◆ **WORK TASK**: Ignoring every picture, transcribe the data in full as it stands.

◆ **DATA BLOCK**:
+--
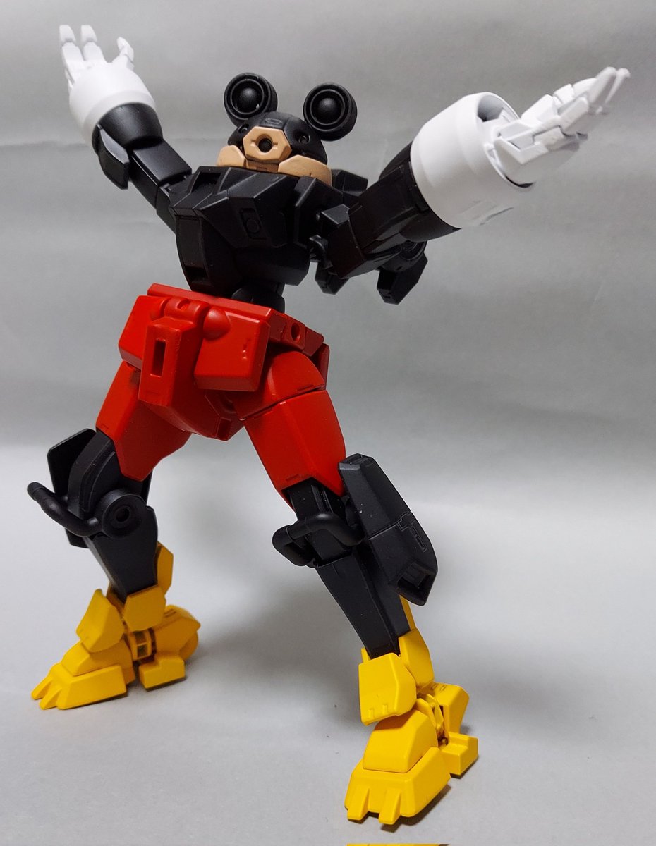 #ケイコクプラモコンペ #完成 #境界戦機 ついに仕上がりました メイレス「ジョウダック」 思ったより色がハマってて草不可避w モチーフは夢の国にいるアヒルですwww 以前のミッ・・・じゃない、デミ・マウスと共に一枚 友人にも言われましたが俺は各方面から怒られるべきだと思いますw
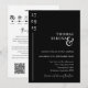 Este convite de casamento, elegante e minimalista, foi feito tendo em mente a elegância contemporânea. Ele apresenta um esquema de cores preto-e-branco ousado, que oferece uma aparência impressionante e eterno misturando linhas limpas com um toque de glamour. Adicione o URL do seu site de casamento que atualizará o código QR (ou exclua-o se não for necessário). O design também inclui uma linha cronológica personalizável de eventos, completa com ícones ajustáveis para se adequar à sua celebração exclusiva. Perfeito para casais que desejam uma ambição moderna e na moda para o seu dia especial. Você pode mudar o texto e a cor de fundo para corresponder ao esquema de cores do dia do casamento, se desejar. Clique em personalizar/personalizar para edição adicional.
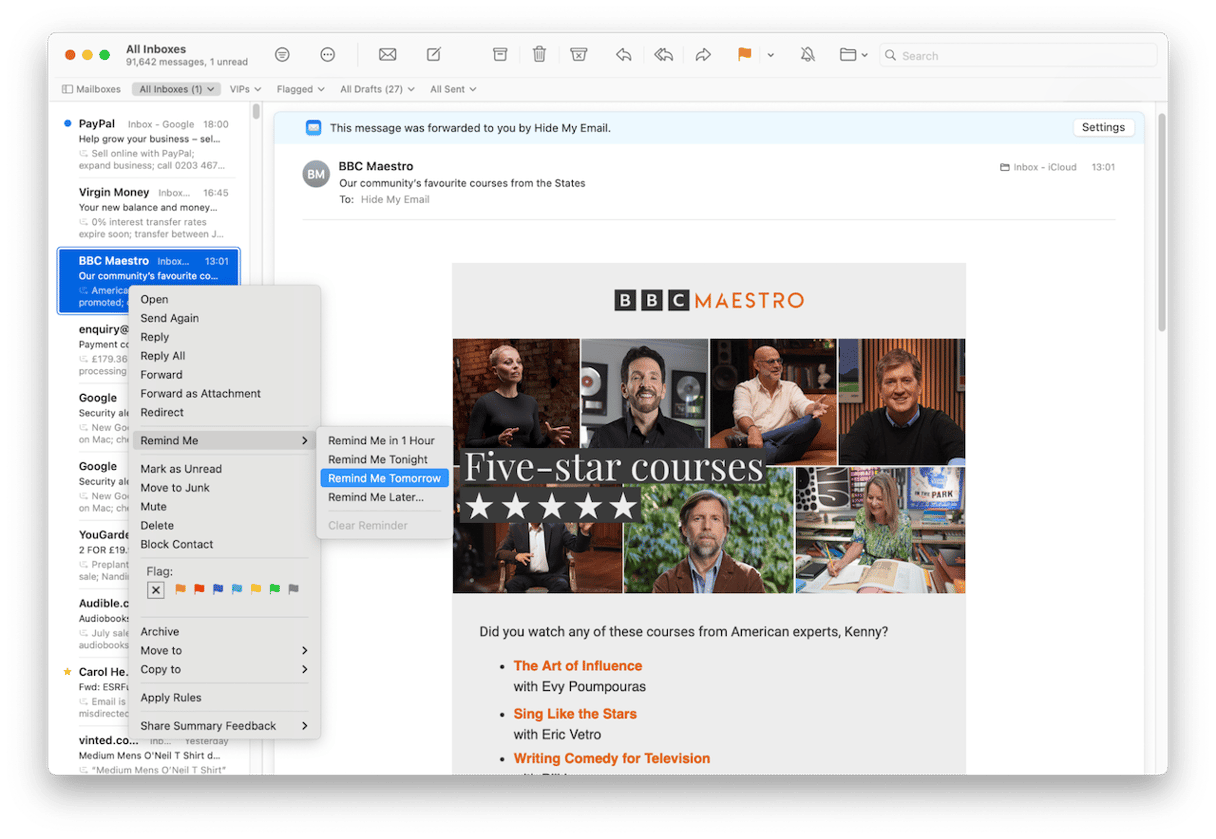 Apple Mail 有一项功能,可以让您在稍后能够回复重要电子邮件时收到提醒。其他电子邮件应用程序也有类似的功能,有时称为“暂停”。要在 Apple Mail 中使用“提醒我”,请用两根手指在收件箱中的邮件上向右滑动,然后选择“提醒我”,然后选择提醒时间段,或者右键单击该邮件,选择“提醒我”,然后选择时间段。当时间到来时,您将收到通知,并且该消息将显示在收件箱的顶部。通过使用“提醒我”并认真将邮件归档到文件夹或邮箱中,您可以保持收件箱整洁,同时确保您不会忘记回复重要邮件。
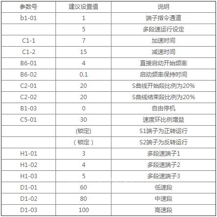 ◆ 变频器选用BD551,采用无PG闭环矢量控制模式,同等功率配置
+--
◆ **THE COMPLETED TASK**:
 #ケイコクプラモコンペ #完成 #境界戦機 ついに仕上がりました メイレス「ジョウダック」 思ったより色がハマってて草不可避w モチーフは夢の国にいるアヒルですwww 以前のミッ・・・じゃない、デミ・マウスと共に一枚 友人にも言われましたが俺は各方面から怒られるべきだと思いますw
 Este convite de casamento, elegante e minimalista, foi feito tendo em mente a elegância contemporânea. Ele apresenta um esquema de cores preto-e-branco ousado, que oferece uma aparência impressionante e eterno misturando linhas limpas com um toque de glamour. Adicione o URL do seu site de casamento que atualizará o código QR (ou exclua-o se não for necessário). O design também inclui uma linha cronológica personalizável de eventos, completa com ícones ajustáveis para se adequar à sua celebração exclusiva. Perfeito para casais que desejam uma ambição moderna e na moda para o seu dia especial. Você pode mudar o texto e a cor de fundo para corresponder ao esquema de cores do dia do casamento, se desejar. Clique em personalizar/personalizar para edição adicional.
 Apple Mail 有一项功能,可以让您在稍后能够回复重要电子邮件时收到提醒。其他电子邮件应用程序也有类似的功能,有时称为“暂停”。要在 Apple Mail 中使用“提醒我”,请用两根手指在收件箱中的邮件上向右滑动,然后选择“提醒我”,然后选择提醒时间段,或者右键单击该邮件,选择“提醒我”,然后选择时间段。当时间到来时,您将收到通知,并且该消息将显示在收件箱的顶部。通过使用“提醒我”并认真将邮件归档到文件夹或邮箱中,您可以保持收件箱整洁,同时确保您不会忘记回复重要邮件。
 ◆ 变频器选用BD551,采用无PG闭环矢量控制模式,同等功率配置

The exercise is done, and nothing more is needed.